In his online journal, ... Mr. Sodini, a programmer-analyst at a local law firm, said that he had not had a girlfriend since 1984 and that he had not had sex since July 1990, when he was 29.

“I actually look good,” Mr. Sodini wrote in an entry dated Dec. 29, 2008. “I dress good, am clean-shaven, bathe, touch of cologne — yet 30 million women rejected me — over an 18- or 25-year period. That is how I see it. Thirty million is my rough guesstimate of how many desirable single women there are.

“A man needs a woman for confidence. He gets a boost on the job, career, with other men, and everywhere else when he knows inside he has someone to spend the night with and who is also a friend.”
Here's what I said to those who said we shouldn't be reading his words:
Isn't it worthwhile to try to understand the thoughts of someone who's going to commit murder? Similarly, I think it's worth reading bin Laden's writings to try to understand the terrorist mindset. The idea that Sodini's website should be ignored sounds a lot like those who balk at the idea of "understanding" terrorists. You can understand what went on in someone's mind without excusing their actions.

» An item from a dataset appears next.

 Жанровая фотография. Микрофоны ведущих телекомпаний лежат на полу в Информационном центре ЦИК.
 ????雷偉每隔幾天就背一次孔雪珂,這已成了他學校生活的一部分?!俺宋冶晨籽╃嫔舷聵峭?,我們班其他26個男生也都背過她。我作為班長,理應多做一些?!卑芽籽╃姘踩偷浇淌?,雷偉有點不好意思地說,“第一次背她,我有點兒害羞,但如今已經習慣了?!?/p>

The fact that the site implores the public to harass random citizens is way over the line. I wouldn't mind seeing this deleted for that reason. But on the whole, I think his blog is pretty interesting, in the same way I find bin Laden's fatwas and Hitler's Mein Kampf interesting and important reading.
If you had read Mein Kampf when it originally came out, you might have been able to predict that the Holocaust would happen. Hitler describes huge natural disasters as positive things that could wipe out the weak elements of humanity, leaving a few strong people to start a super-race. We can't stop the Holocaust now, of course. But does that mean there's no reason to read Mein Kampf? No, it's still inherently worthwhile to try to understand the mind of someone capable of doing such great evil.

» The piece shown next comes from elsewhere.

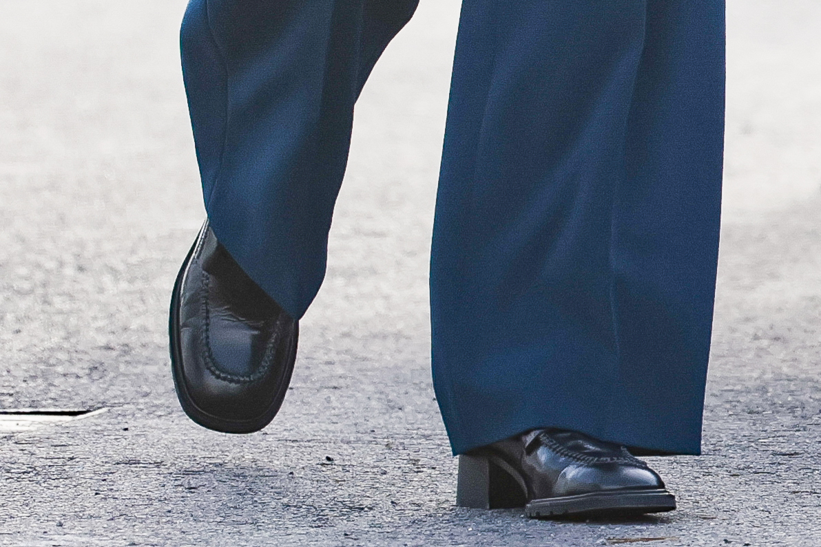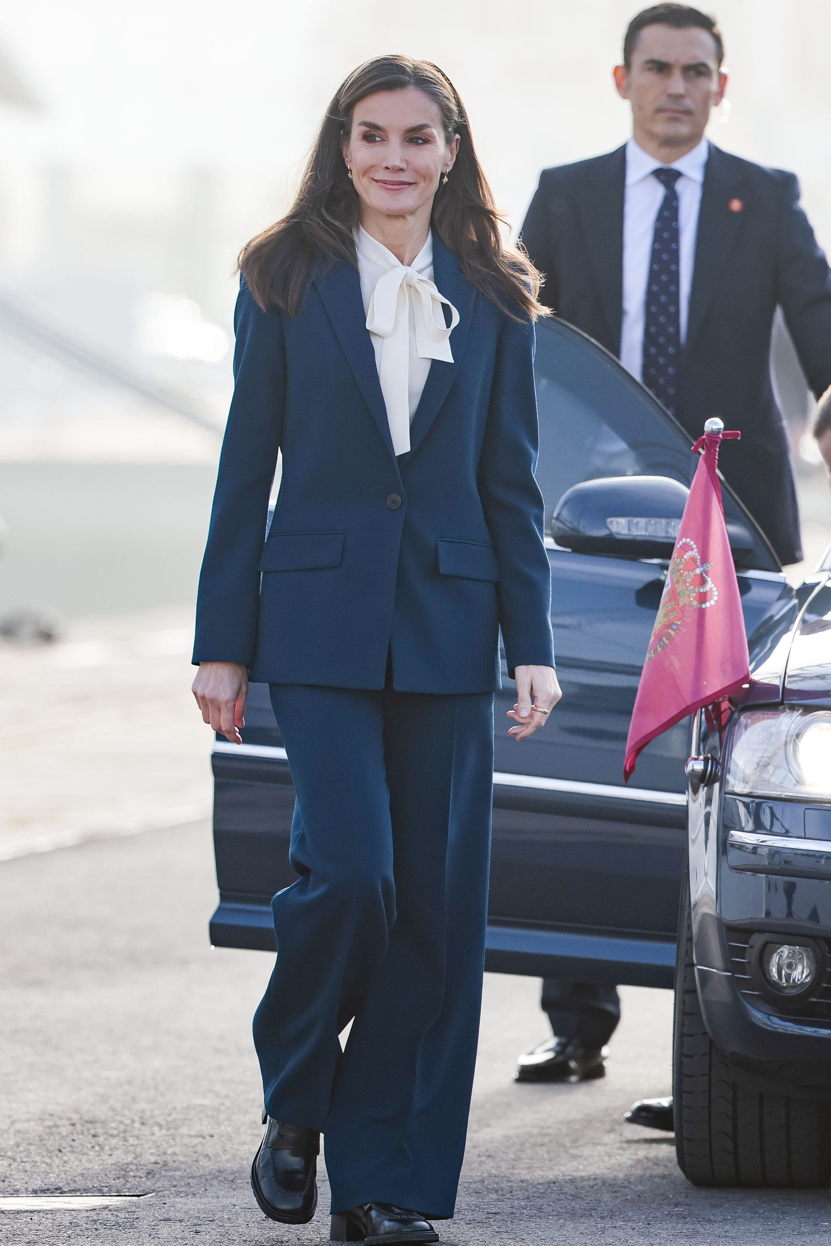 Ya sabemos los problemas que sufre Letizia en sus pies, por este motivo ha optado por la comodidad con unos mocasines negros de tacón ancho y altura media. Esta opción le ha permitido desplazarse con facilidad por el puerto.

Similarly, some of the Metafilter commenters pointed out that reading Sodini's blog isn't going to help anyone stop this from "happening again." Even assuming that's true (though I don't know how they know that), the site can be worth reading without clearing the threshold of "This could save lives!" I actually find some of Sodini's comments (about how men need women) to be poignant and a little insightful. Of course, this is absolutely no excuse for killing random innocent people.

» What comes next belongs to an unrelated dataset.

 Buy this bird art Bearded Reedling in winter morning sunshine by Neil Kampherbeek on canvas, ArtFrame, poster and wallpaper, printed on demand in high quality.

But some people will say this is missing the point: the problem is that if we pay any attention to the details of what Sodini said or what was going on in his life, we're "glorifying" a killer. Well, no, there's nothing glorious about it. His writings make him sound absolutely pathetic and insignificant. It's hard to imagine copycat murders inspired by the guy who claimed that he opened fire out of frustration that he couldn't find a girlfriend. It's easier to imagine the reverse: that a self-aggrandizing potential mass murderer out there would feel deflated to find out how utterly lacking in glory this guy is.